Because such individuals are watched out by Beijing, it is difficult for them to build connections with key persons of the Chinese government.
It is not surprising that government officials of any country would not be willing to openly exchange views with experts who harbor hostility toward their country.
Against this backdrop, there are no information channels within the Biden administration which help it to understand what Beijing is really thinking.
Even the high-level communication channels between Chinese Vice Premier Liu He and the former U.S. Treasury Secretary Mnuchin and the former U.S. Trade Representative Lighthizer that functioned during the Trump administration remain disconnected.
Consequently, having no way to verify the scenarios it hypothesizes and speculates about, the Biden administration cannot revise its assumptions about China.
This structural flaw of the administration is a serious problem.
As a result, it continues to plan and formulate a policy toward China based on the exaggerated China threat opinion.
Furthermore, China’s hawkish stance toward the U.S., as witnessed by its Wolf Warrior Diplomacy, has enhanced the sense of caution on the part of the U.S., and is being used by the U.S. to justify the China threat opinion.
Concerned about the escalating U.S.-China conflict mentioned above, several China experts in the U.S. who call on the government to avoid a war with China told me that they were expecting Japan to play an active role.

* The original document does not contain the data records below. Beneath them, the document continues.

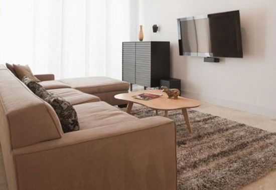 小空間里,越少的家具越能給人寬敞的視覺。只要一個(gè)大大的沙發(fā),搭配一個(gè)圓滑的木質(zhì)小茶幾,這個(gè)沙發(fā)區(qū)寬敞又舒適。掛墻的液晶電視也為地面減輕了負(fù)擔(dān),旁邊的木質(zhì)收納柜可以放些常用的客廳用品。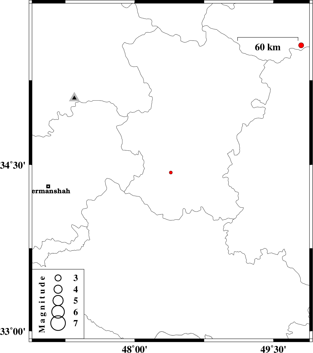 | 2012/09/18 | 02:41:51.8 | 07:11:51.8 | 34.43 | 48.39 | 38 | ML1.6 | Hamedan Province, 15 km South of Tuyserkan | ||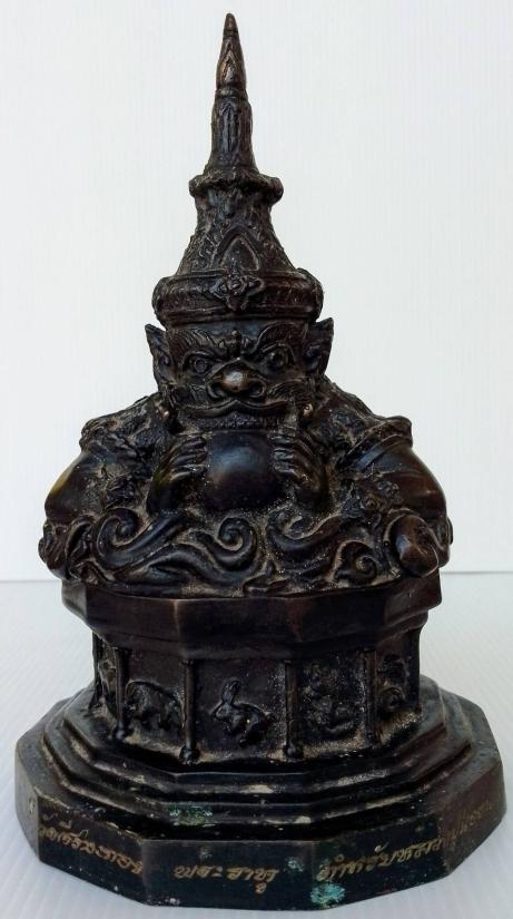 พระบูชาราหูอมจันทร์ วัดศีรษะทอง ตำรับหลวงปู่น้อย นาวารัตน์ พ.ศ. 2550 ขนาดฐานกว้าง 5 นิ้ว สูง 8 นิ้ว

In order to mitigate the conflict between the two countries, it is important not to implement foreign and security policy based on a zero-sum relationship, but to take an economic approach based on a win-win relationship.
For example, a U.S. think tank, the Peterson Institute for International Economics (PIIE), reported that to fight current inflation, the U.S. should consider reducing import tariffs on Chinese products, as it would deliver a decline in U.S. consumer price index inflation of 1.3 percentage points.
Treasury Secretary Janet Yellen has endorsed the idea, as have many experts.
That being said, the general consensus is that the Biden administration will not reduce the tariffs in consideration of the anti-free trade sentiments of the electorate in the three states (Ohio, Michigan and Pennsylvania) that are critical to winning the midterm elections.
As long as this inward-looking diplomacy continues, it will be difficult to revive dialogue channels between the U.S. and China.
In light of this situation, China experts in the U.S. told me that they were expecting Japan to take a more active leadership role in Japan-Europe cooperation, especially middle power cooperation led by the three countries of Japan, Germany and France.
That is, he is expecting middle powers to work together to mitigate U.S.-China tensions.
A prominent China expert said that he hoped the Japanese government would advise the Biden administration to “do more, say less” (i.e., the U.S. should be more proactive in reaching out to China and refrain from making provocative statements against China).
There are growing expectations for the Japanese government to play a leadership role, as it is in a position to serve as an intermediary between the U.S. and China.